An article about friendship showed up on my timeline, and I have unspecific uneasy feels about it. I'm going to try and poke at them via Twitter. This is an experimental and possibly temporary thread. https://www.thecut.com/2020/05/ask-polly-why-do-my-friendships-always-fade-away.html
I recognise these problems:

- good listener, great at soliciting opinions and supporting, unreciprocated
- single person on a different life track than married people with kids
- dropped for more important relationships
- community that doesn't feel like a community

2/n
People like to talk about their issues with others of a similar background because they don't have to explain as much, they feel understood.

So the closer you are to "an average", the easier it is to find someone you share experiences with, the more potential friends.

3/n
If you're very weird, you may be shit out of luck. It's not your fault, it's not your friends' fault. It may just be that you're the last unicorn.

4/n
I first saw this expressed in a book on social skills that said (rephrasing) "sure, be yourself, but have you considered that by purposefully picking unusual hobbies you're self-sabotaging your ability to find friends? Would you consider picking up, like, idk, running?"

5/n
Reading books on social skills fiercely fucked up my self-esteem and confidence. I realised I had no skills for being attractive, interesting, fun, or assertive.

I started blaming myself for even more of the bad stuff in my life. I was terrified it was too late to fix it.

6/n
Before, I used to believe in the "be yourself and you will attract people like you". I thought "myself" was a given, unchangeable.
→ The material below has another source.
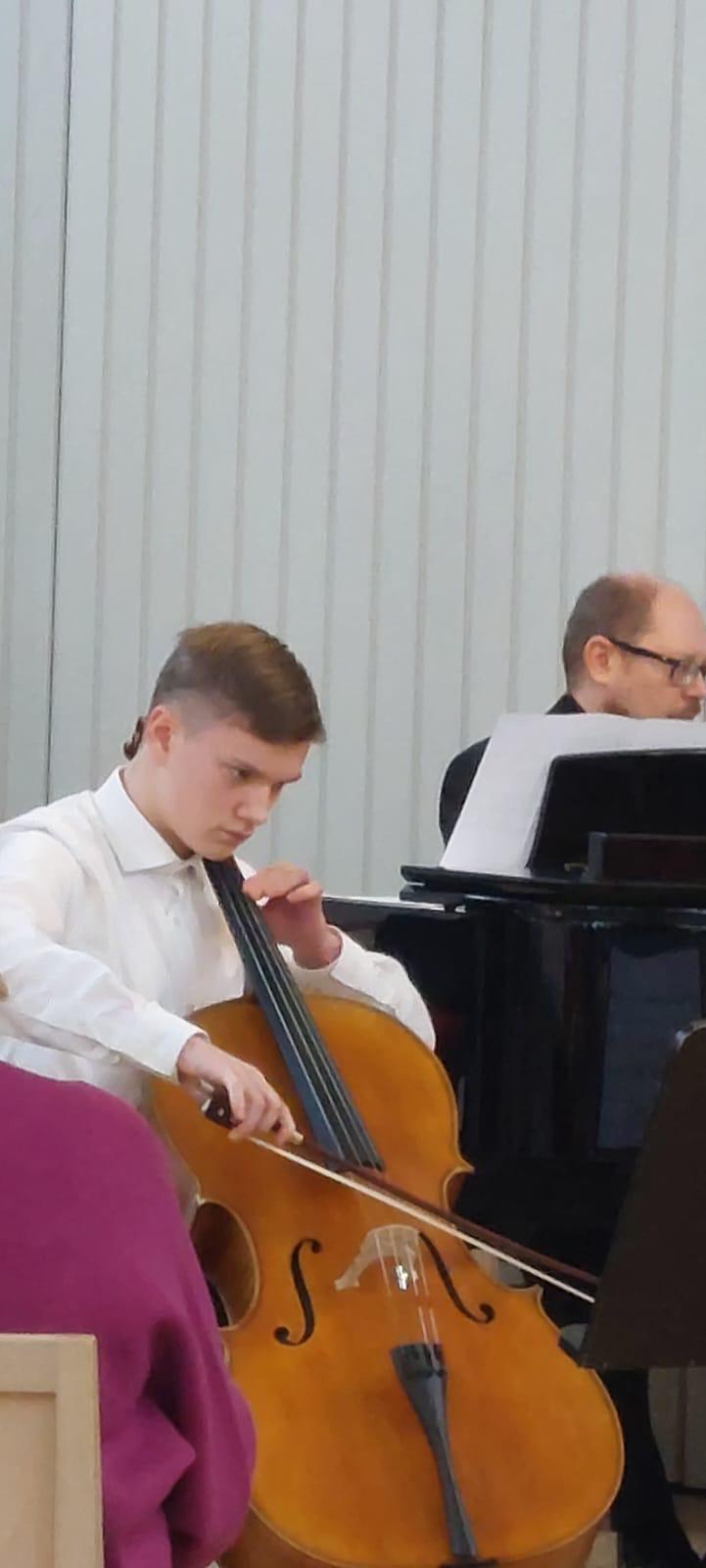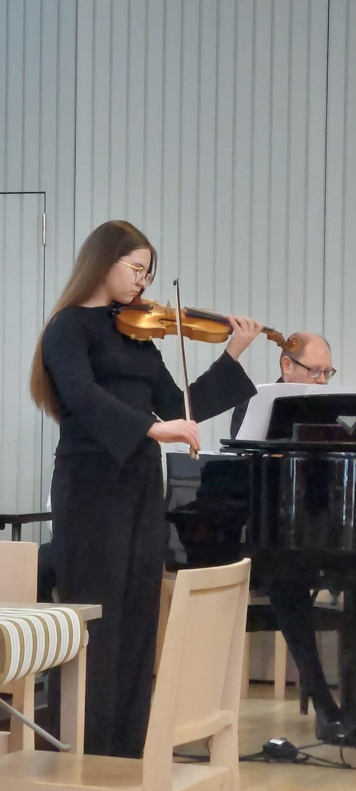 Juhla jatkui Avonian oppilaiden esityksillä, viulisti Vivien Janhunen soitti ensin W.A. Mozart Concerto in A Major No. 5 1st Movement ja sen jälkeen Sibeliuksen Romance Op. 78 No. 2. Hänen jälkeensä Veikka Joensuu soitti kappaleet S. Rahmaninov – Vocalise, E. Elgar - Salut d´Amour Op. 12 ja E. Sohlström – Elegia. Saimme näin nauttia kauniisti tilassa soivista jousisoittimista ja lahjakkaista oppilaista. Kumpaakin soittajaa säesti pianolla opettaja Esa Ylivaara.

After, I realised that "myself" is a result of life choices, and I could choose to adapt. With few people like me, I had to improve my chances.

7/n
That was a few years back. I've since put myself through some grueling effort to socialise more. Very few people know about this, because I started from "too anxious to order a pizza by phone", and I didn't want to be mocked/pitied/rejected as cringey.

8/n
It was really unrewarding.

Sometimes I wonder whether it wouldn't have been easier to stay oblivious and baffled. At least back then it wasn't so barefaced obvious that I was hurting due to my own unskilfulness and making the wrong choices early on.

9/n
I now know a lot of people but these relationships are dependent on whether I'm putting in the energy. If I don't invite people or reach out for some time (like when I'm sick), nothing happens. If I don't go somewhere convenient to them, we don't meet. And so on.

10/n
Now, the article's advice is to just say no and/or express your needs. I don't really have good experiences with that.

As a casual acquaintance, I am the lowest priority. I can choose to be flexible or not. Inflexible = weeks without personal, non-work f2f human contact.

11/n
With the new focus on skills, I used to think that if only I could become better at X, people would start valuing me.

Having read more about sales and branding, I realised it is not about my value, but about other people's needs. Or rather the lack of them.

12/n
After 30ish, people's basic social needs are fulfilled by their partner, children, parents, college friends. They spend effort maintaining those relationships. Anything else is a free sample - they're happy to eat it as long as it's free.

https://siderea.dreamwidth.org/1202657.html 

13/n
And it was also gutwrenching when I finally found "my people" and they appreciated doing things with me, but also they didn't want to be friends, hang out, or even keep in touch. I never found out why.

14/n
As I'm sitting here in quarantine, I'm coming to terms with the fact that it might be too late, after all. Most musical chairs have been taken. Only the employer and the landlord really need me - to facilitate their relationship.

And so, grief.

https://twitter.com/fvathynevgl/status/1259766145986560000

15/n
It's a weird cognitive dissonance, as if I've turned into one of those elderly people you see in ads at Christmas.

Like a health condition, loneliness is something you think won't happen to you - you're normal, you make an effort to keep up - until it does.

16/n
On the other hand, it is also weirdly freeing and (awkward to admit) turns one cynical.

When I can tell someone isn't matching my effort to deepen the relationship, I have no reason to continue giving, other than quid pro quo, how useful a contact they are.